Disparities in hospital Capacities and Efficiency of Computer-based health insurance Claims Processing
Background. The Philippine Health Insurance Corporation (PhilHealth) has adopted several computer-based systems to enhance claims processing for hospitals.
Objectives. This study sought to determine the efficiency gains in the processing of PhilHealth claims following the introduction of computer-based processing systems, taking into account differences in hospital characteristics.
Methods. Data were obtained from a survey conducted among 200 hospitals, and their corresponding 2014 claims figures as provided by PhilHealth. Summary descriptive statistics of hospital capacities (ownership, service level, and utilization of PhilHealth computer systems) and claims outcomes (claims rejection rates, as well as length of claims processing times for hospitals and with PhilHealth) were generated. Multivariate regression analysis was done using claims outcomes as dependent variables, and hospital capacities as independent variables.

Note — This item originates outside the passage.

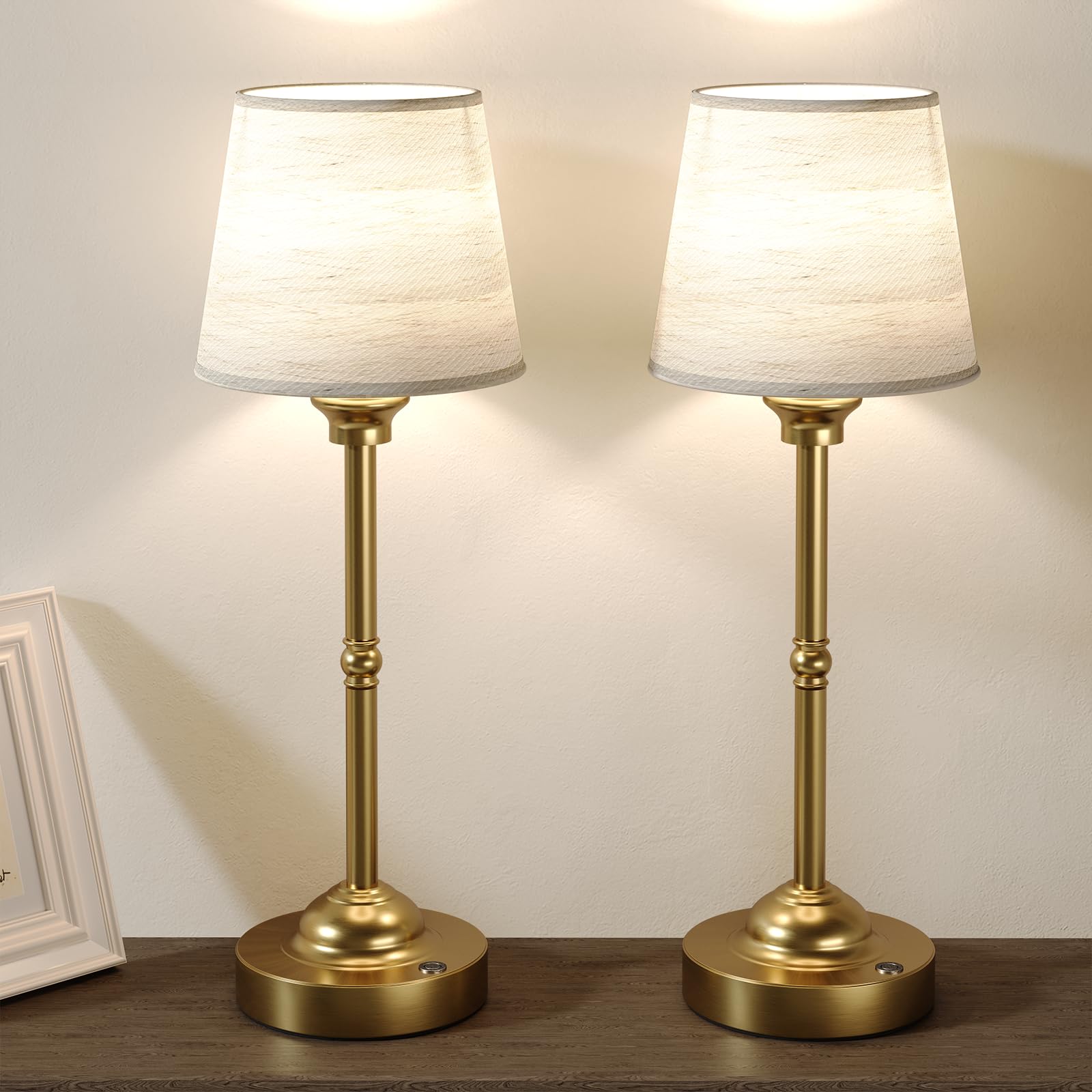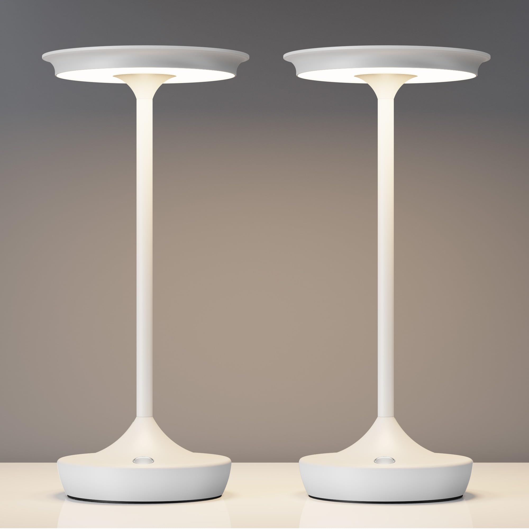 2-Pack Cordless LED Table Lamps 6000mAh Rechargeable Lamp Battery Operated Table Lamp Portable Desk Lamp with Fabric Shade, Steple

Results. Nearly a quarter of the surveyed hospitals did not utilize any of PhilHealth’s computer-based claims systems. Utilization was lowest for primary as well as public facilities. Among those that used the systems, most employed the on-line membership verification program. The mean claims rejection rate was 3.81%. Claims processing by hospitals took an average of 35 days, while PhilHealth required 40 days from receipt of claims to release of reimbursement. Regression analysis indicated that facilities which utilized computers as well as private hospitals had significantly lower claims rejection rates (p<0.05). The claims processing duration was significantly shorter among private facilities.
Conclusions. Private hospitals are able to process claims and obtain reimbursements faster than public facilities, regardless of the use of PhilHeath’s computer-based systems. PhilHealth and public hospitals need to optimize claims processing arrangements.